Before Columbus Air Force Base, there was Payne Field

By Rufus Ward
Originally published in The Commercial Dispatch on May 15, 2010

This weekend [was] the spectacular air show at Columbus Air Force Base. Several people have asked about how long an air base has been here. The answer surprised most people, as Columbus Air Force Base was not the first pilot training base in the area. The first was Payne Field out from West Point near the community of White’s Station. Payne Field is a little known, but very historic air field and has been called Mississippi’s first airport.

World War I brought aviation to the forefront and the Army needed bases to train pilots. In 1917 West Point was selected as the site for one of those training bases. The field was constructed on 533 acres of open prairie about four miles north of town.

The field was named in honor of Capt. Dewitt Payne. Cap. Payne, the commander of the 182nd Aero Squadron at Kelly Field, Texas, was flying to the aid of a pilot who had crashed into the top of a tree when his plane crashed. He died on Feb. 1, 1918, from injuries suffered in the crash.

The pilots at Payne Field trained in Curtiss JN-4 airplanes which were called “Jennys.” The Jenny had a top speed of 75 miles per hour and a ceiling of 11,000 feet. The first squadron arrived on March 10, 1918. By May 1 the field was fully operational with 125 Jennys soon in the air. People in West Point, not being accustomed to airplanes, called them “buzz wagons.”

Accidents were frequent and in the first four months of operation there were four fatal plane crashes. Airplane crashes, however, were not the primary health concern. In June 1918, the Surgeon General of the Public Health Service stated that Payne Field; “was located in one of the worst malaria belts of the United States.” Physicians there reported that 20 percent of their practice consisted of malaria cases.

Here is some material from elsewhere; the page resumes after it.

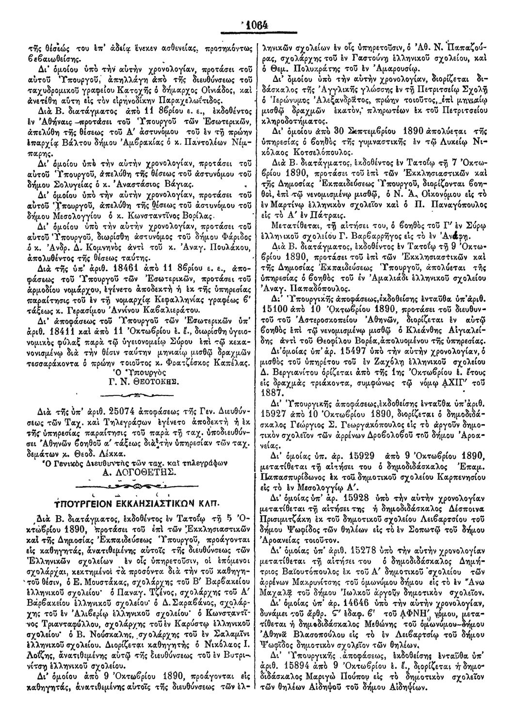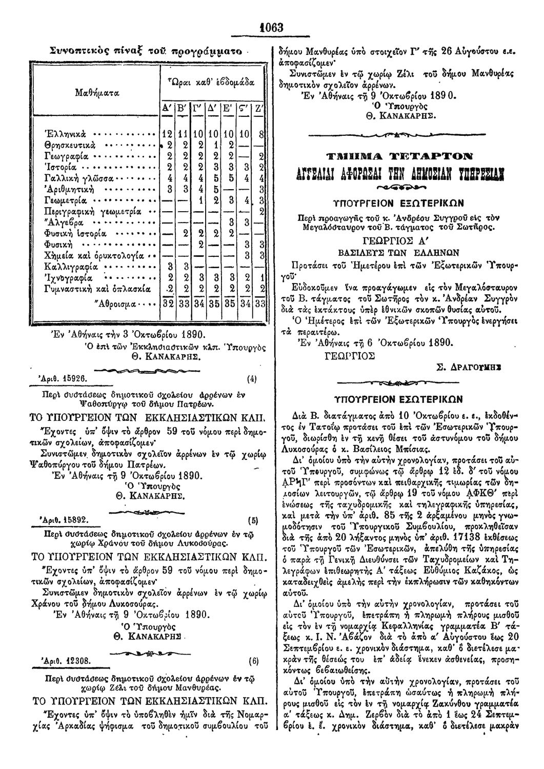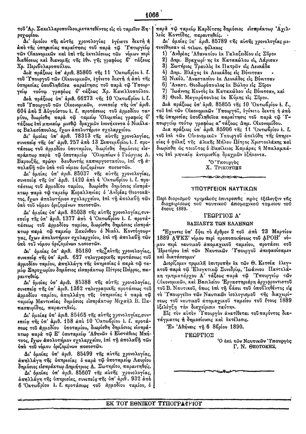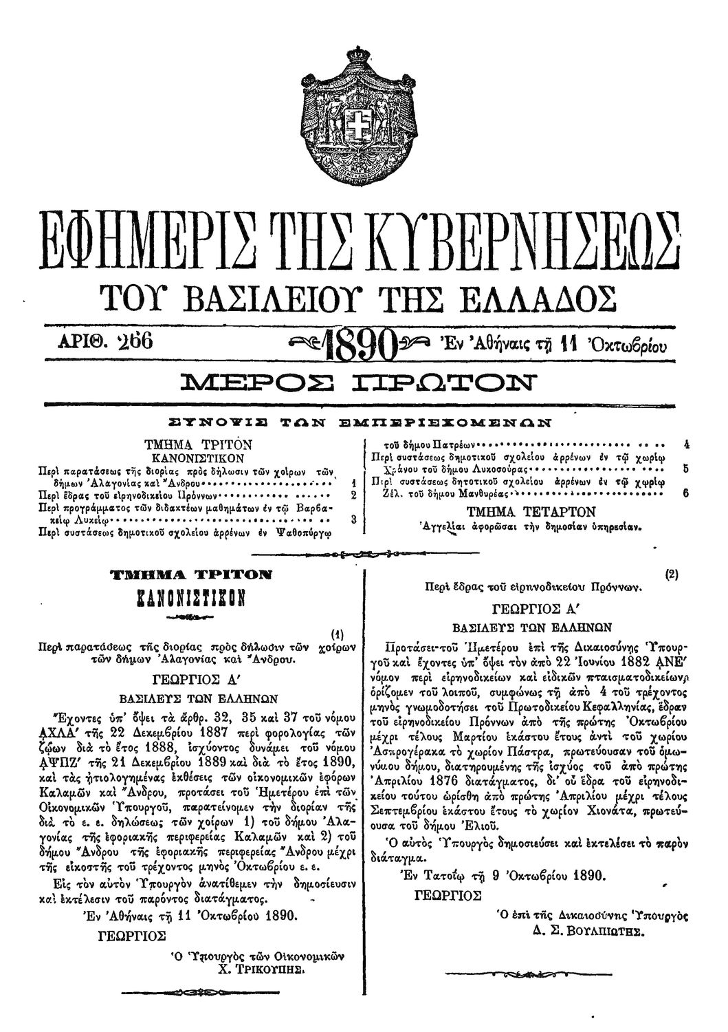 Κωδικός αναγνώρισης: 1890-266A Τίτλος: ΦΕΚ 266/11.10.1890, Τεύχος Α Μέγεθος και υπόστρωμα: Φεκ προγραμμάτων σπουδών, 5 σελίδες. |

Payne Field played a role in one of the milestones of aviation. The first North American transcontinental round trip flight occurred in 1919. The flight by Major Theodore Macauley and his mechanic, Pvt. Staley, began in January 1919. Macauley was flying west from Montgomery, Ala., in a DH (de Havilland) – 4 when its propeller was damaged during a rain storm. He was able to land at Payne Field for repairs and then continued on to complete his historic trip. There was, though, a delay of over a week at Payne Field as all of the rain had made the runway too muddy for the de Hailland to take off.

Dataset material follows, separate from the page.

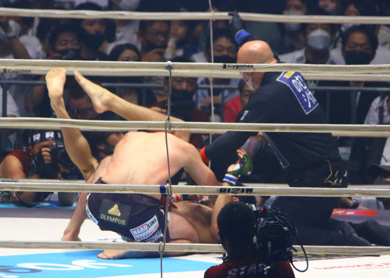 三角絞めが極まり、レフェリーが止めに入った瞬間

In all some 1,500 pilots trained at the field during its operation. The base closed in March 1920. Shortly after it closed the Inter-State Airplane Co. of Dallas, Texas, purchased much of the field. Their plan was to develop a “municipal flying field” with passenger service from the east to Shreveport, Dallas, Ft. Worth and Wichita Falls. Apparently it was a plan that never materialized and the former air field is now agricultural land and thickets with no readily visible sign that it had once been a busy military base.